Background and aim: Hepatitis E virus (HEV) infection is endemic in several developing countries. Clinical manifestations of this infection vary widely from asymptomatic infection to uncomplicated acute viral hepatitis and fulminant hepatic failure. The pathogenesis of this disease and the reason of varying disease severity remain unknown. In viral infections, tissue injury can be caused either by virus itself or by host immune responses directed against infected cells. We therefore studied adaptive immune responses to HEV antigens in patients with hepatitis E of varying disease severity and healthy controls.
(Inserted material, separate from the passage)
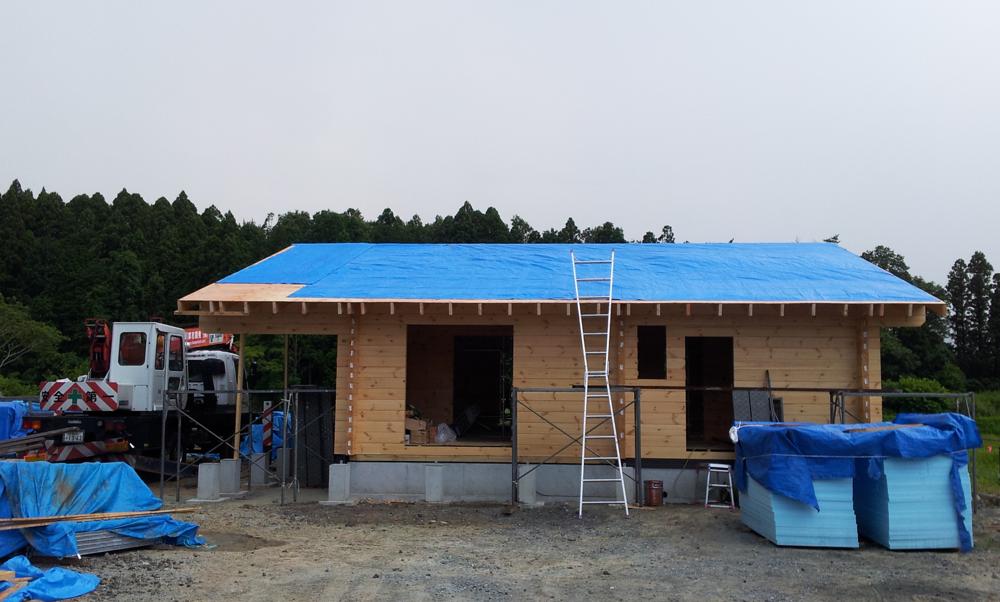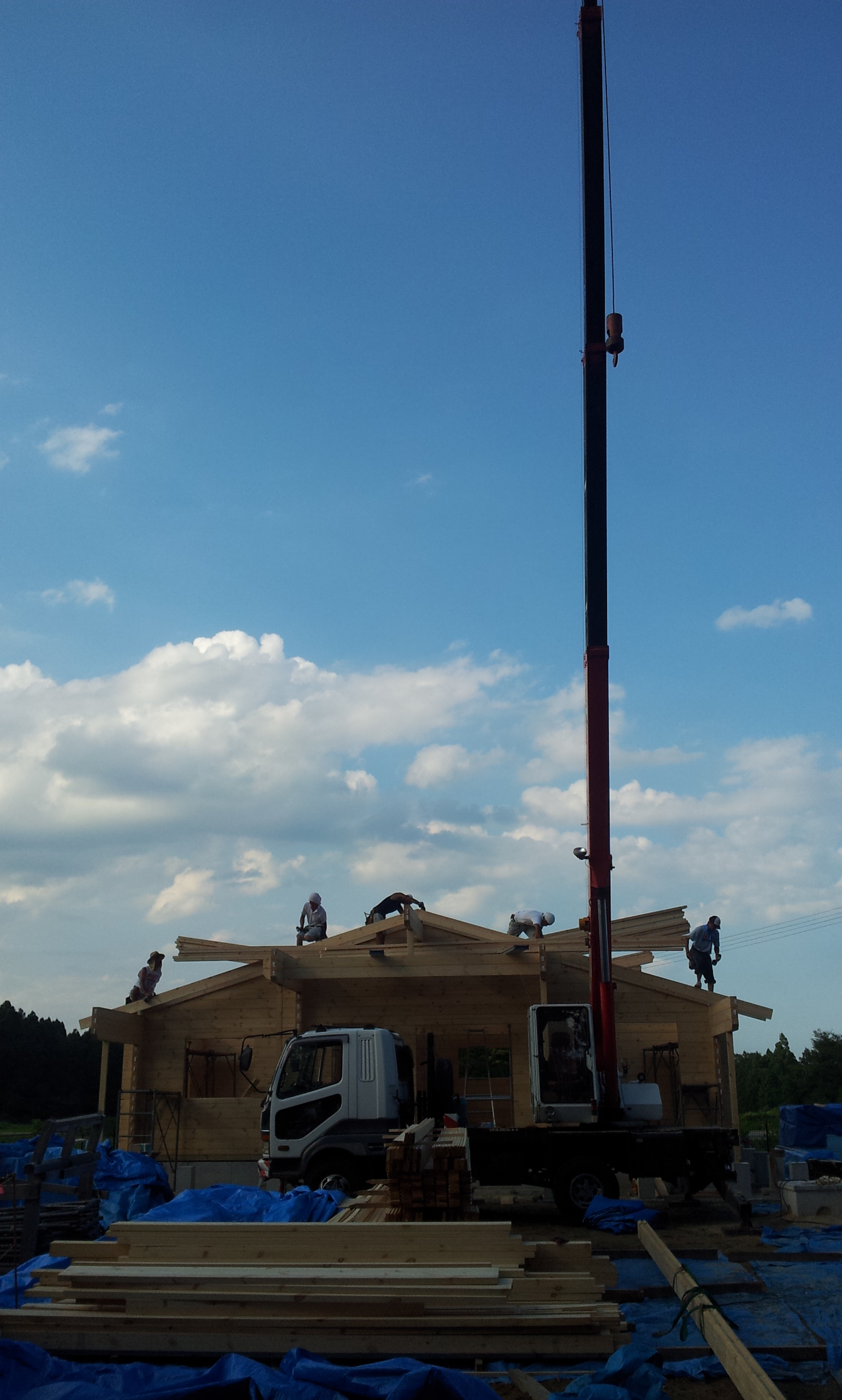 ビルドアップも大変だったと思うが、お蔭様で雨にあたることもなく無事に野地板まで張れて雨じまいが

Methods: Cytokine secreting CD4+ T cells and antibody-producing B cells specific for HEV were enumerated through intracellular cytokine staining and enzyme-linked immunosorbent spot assay, respectively.
Results: Patients with fulminant hepatitis E had a less marked expansion of HEV-specific interferon-γ or tumor necrosis factor-a secreting CD4+ T cells than patients with uncomplicated hepatitis E and healthy controls. These patients also had fewer CD4+ T cells that produce γ-interferon or tumor necrosis factor-a upon in vitro polyclonal stimulation. In addition, patients with fulminant disease had a more marked expansion of B cells that can secrete immunoglobulin G anti-HEV than patients with uncomplicated infection and control patients.
Conclusion: These findings suggest that less-marked antiviral cellular immune responses and heightened antiviral humoral responses are associated with a more severe disease during HEV infection.